= What the task asks =
Your job is to return the whole listing unchanged while skipping its images.

= Stored data =
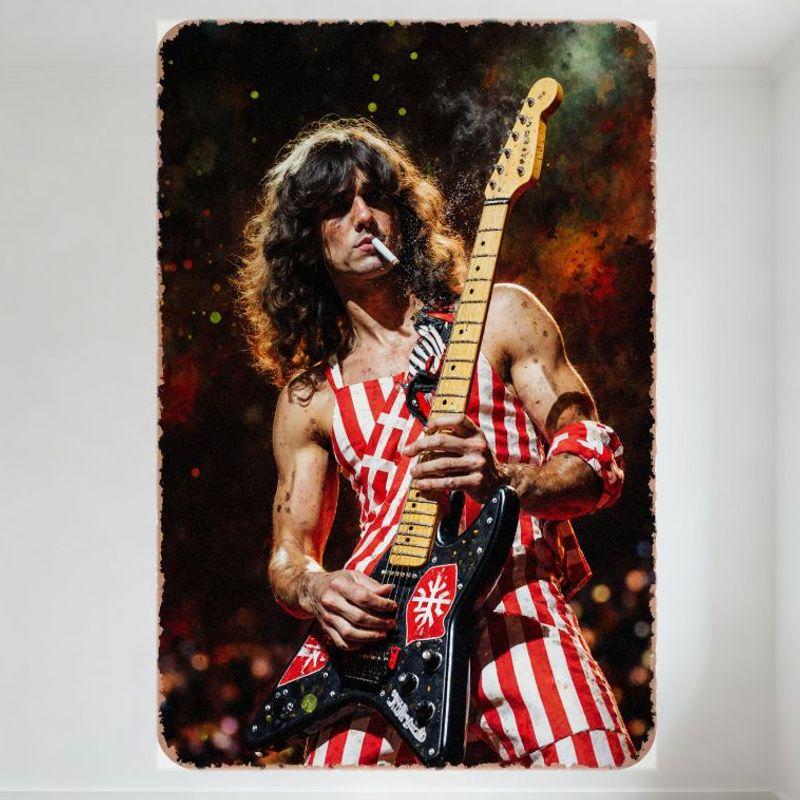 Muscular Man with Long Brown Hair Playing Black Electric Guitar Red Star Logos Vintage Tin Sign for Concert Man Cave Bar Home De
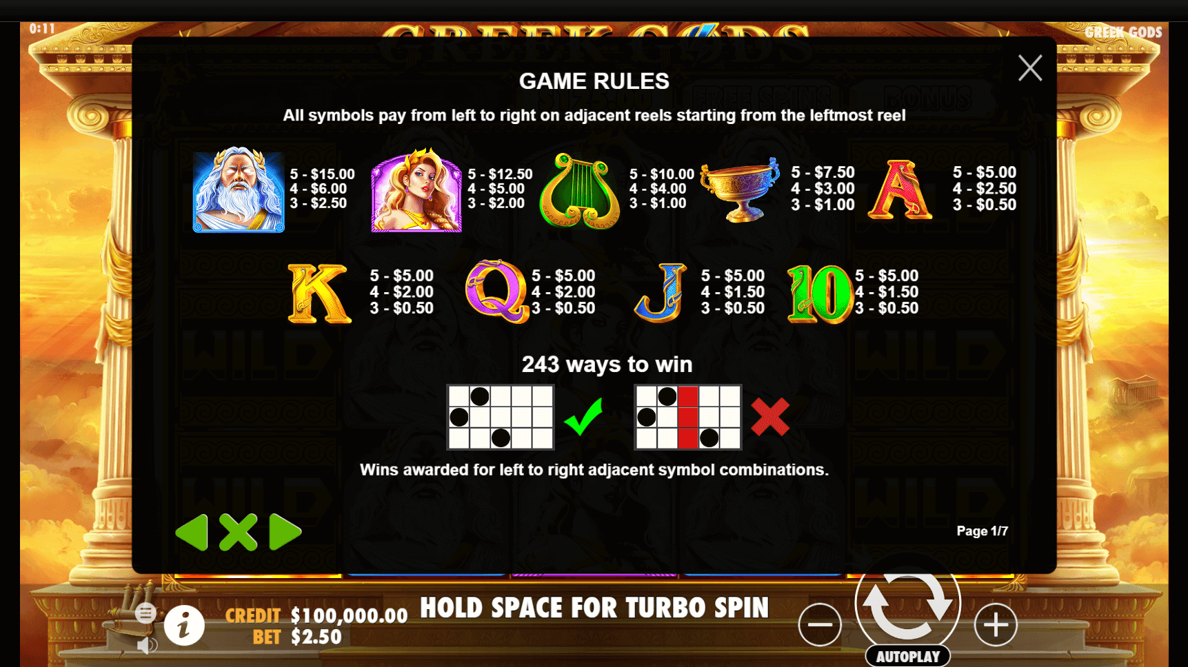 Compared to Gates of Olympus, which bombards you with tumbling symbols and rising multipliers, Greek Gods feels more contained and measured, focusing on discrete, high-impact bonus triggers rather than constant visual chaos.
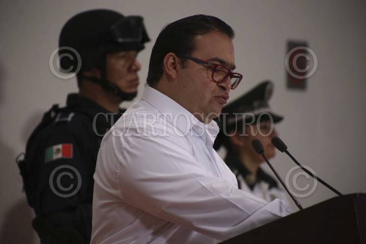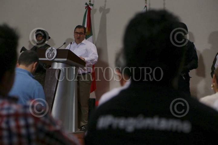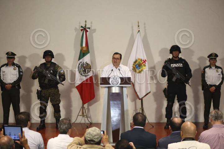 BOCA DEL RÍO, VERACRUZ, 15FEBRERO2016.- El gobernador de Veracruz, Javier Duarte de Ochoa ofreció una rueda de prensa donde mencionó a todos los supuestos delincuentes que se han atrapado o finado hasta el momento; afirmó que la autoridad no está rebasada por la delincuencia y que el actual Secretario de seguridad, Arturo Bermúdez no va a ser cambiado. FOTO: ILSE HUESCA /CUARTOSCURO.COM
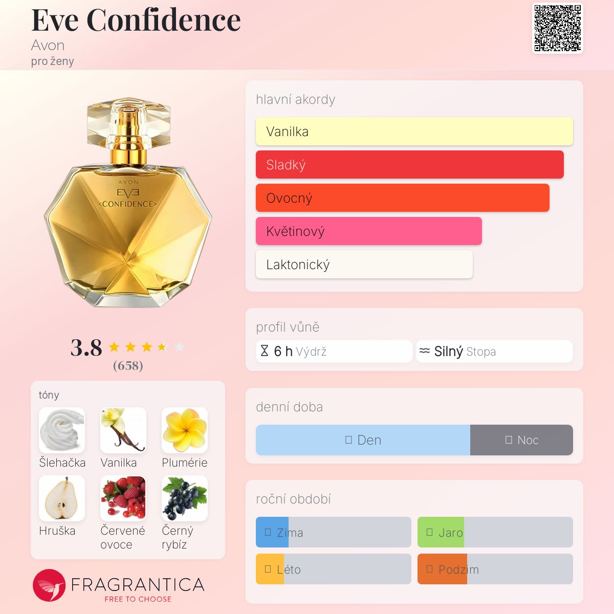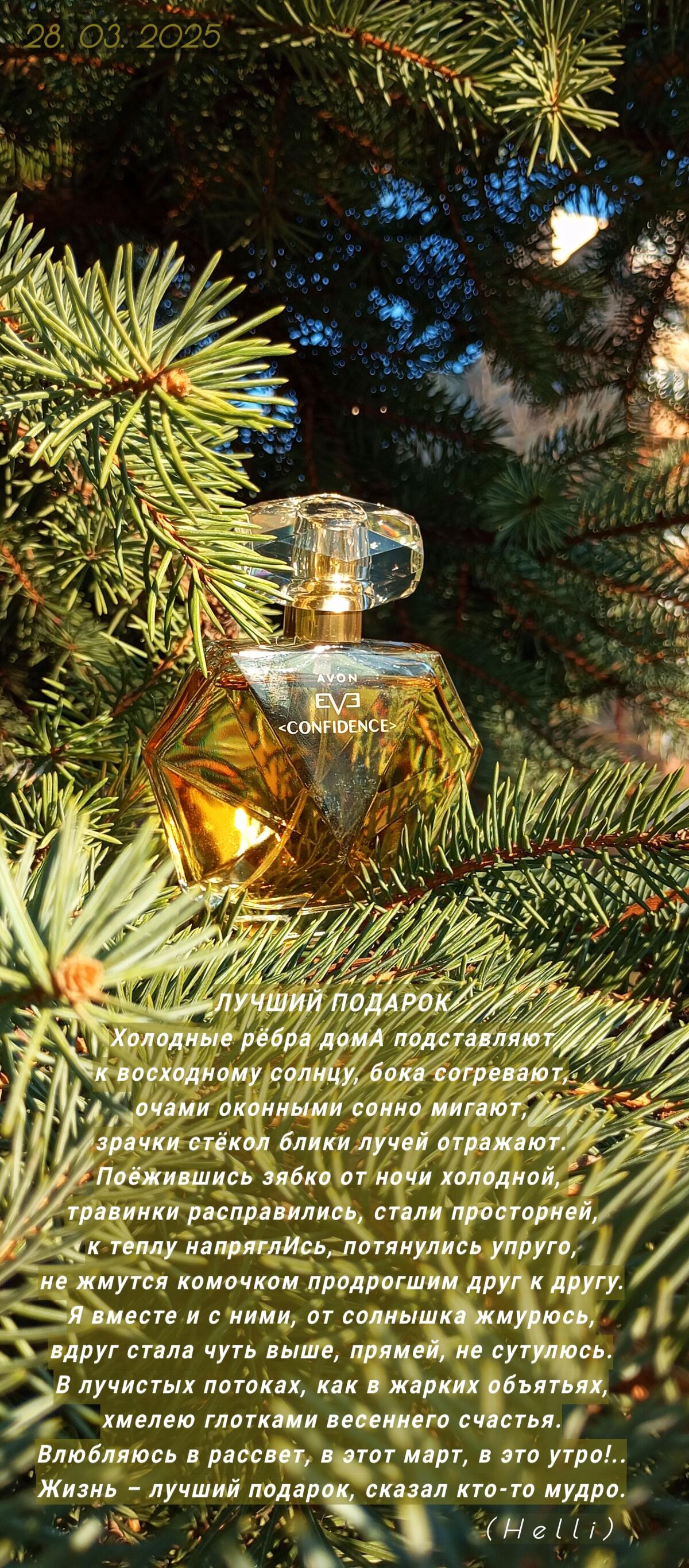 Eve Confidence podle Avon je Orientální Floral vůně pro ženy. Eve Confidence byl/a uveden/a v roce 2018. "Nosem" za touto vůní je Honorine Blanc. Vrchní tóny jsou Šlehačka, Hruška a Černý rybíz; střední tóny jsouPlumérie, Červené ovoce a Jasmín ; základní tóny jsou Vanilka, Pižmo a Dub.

= Solution to this problem =
 Muscular Man with Long Brown Hair Playing Black Electric Guitar Red Star Logos Vintage Tin Sign for Concert Man Cave Bar Home De
 Compared to Gates of Olympus, which bombards you with tumbling symbols and rising multipliers, Greek Gods feels more contained and measured, focusing on discrete, high-impact bonus triggers rather than constant visual chaos.
 BOCA DEL RÍO, VERACRUZ, 15FEBRERO2016.- El gobernador de Veracruz, Javier Duarte de Ochoa ofreció una rueda de prensa donde mencionó a todos los supuestos delincuentes que se han atrapado o finado hasta el momento; afirmó que la autoridad no está rebasada por la delincuencia y que el actual Secretario de seguridad, Arturo Bermúdez no va a ser cambiado. FOTO: ILSE HUESCA /CUARTOSCURO.COM
 Eve Confidence podle Avon je Orientální Floral vůně pro ženy. Eve Confidence byl/a uveden/a v roce 2018. "Nosem" za touto vůní je Honorine Blanc. Vrchní tóny jsou Šlehačka, Hruška a Černý rybíz; střední tóny jsouPlumérie, Červené ovoce a Jasmín ; základní tóny jsou Vanilka, Pižmo a Dub.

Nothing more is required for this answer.